In the end, it all wasn’t so much a case of a lot of time wasted, but a lot of time unnecessarily wasted because it was all so unnecessary and unnecessarily complicated. The closed-ranks nature of the entire process makes it seem like it was specifically designed to keep outsiders who don’t speak the lingo out so as to make money for the insiders who did. Even the non-eagle-eyed among us can easily see that precisely none of the updated data are going to be any different than the outdated data already on the books that they are replacing. The only exception to that might be the ground value of the property—probably the only relevant piece of data in the entire process—and that value came directly from the government anyway and so should have already been on the books.
So why on earth did so many people have to fry their sanity trying to navigate that awful website or surrender 200 EUR to have someone else do it for them?
With Northern Germany’s annual attempt at winter being upon us again (dark, drizzly, not really cold, definitely not snowy), my thoughts at this time of year always turn not to Christmas (which to this Canadian requires snow), but to how the chain of responsibility inevitably seems to be tied to the ankle of the average citizen.

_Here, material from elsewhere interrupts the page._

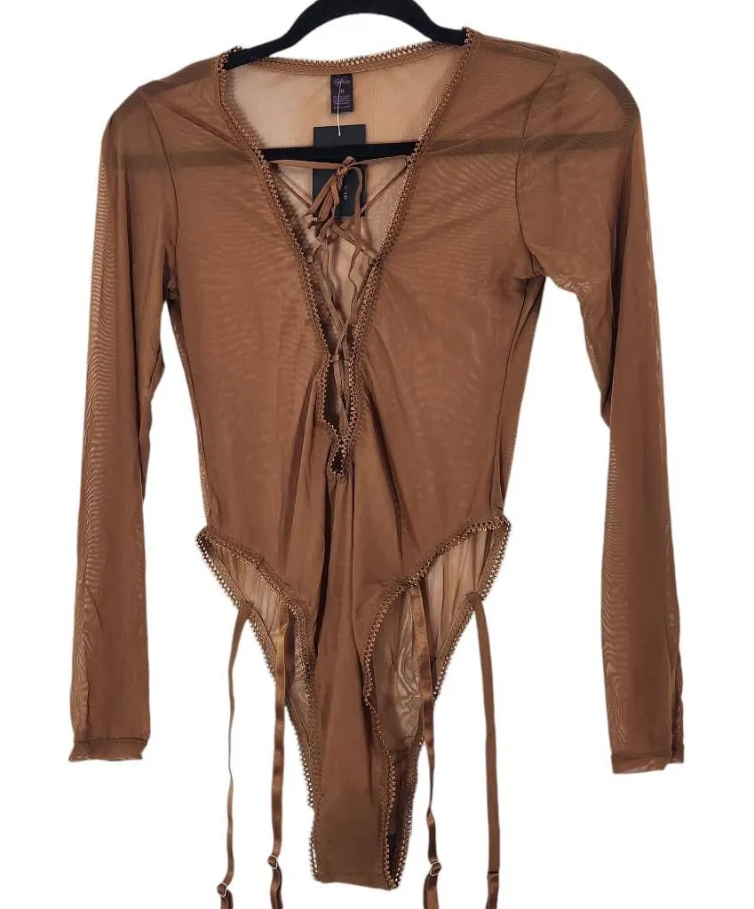 Frederick's of Hollywood cocoa brown long-sleeve mesh bodysuit with sexy lace-up front. Make me an o... Show more

You see, “dark and drizzly” tends to mean “bloody slippery” here in Not-Bielefeld, mostly because of all the leaves on the ground. And, here in Not-Bielefeld there are always a lot of leaves on the ground come autumn. The solution is as obvious as it is onerous: keep raking up the leaves. This is certainly expected of the average homeowner. However, both the City and the University of Not-Bielefeld often write their own free passes here by simply posting signs (often with an overabundance of exclamation marks) warning that the private property that you intend to traverse is not cleared in the winter and so you do so at your own risk.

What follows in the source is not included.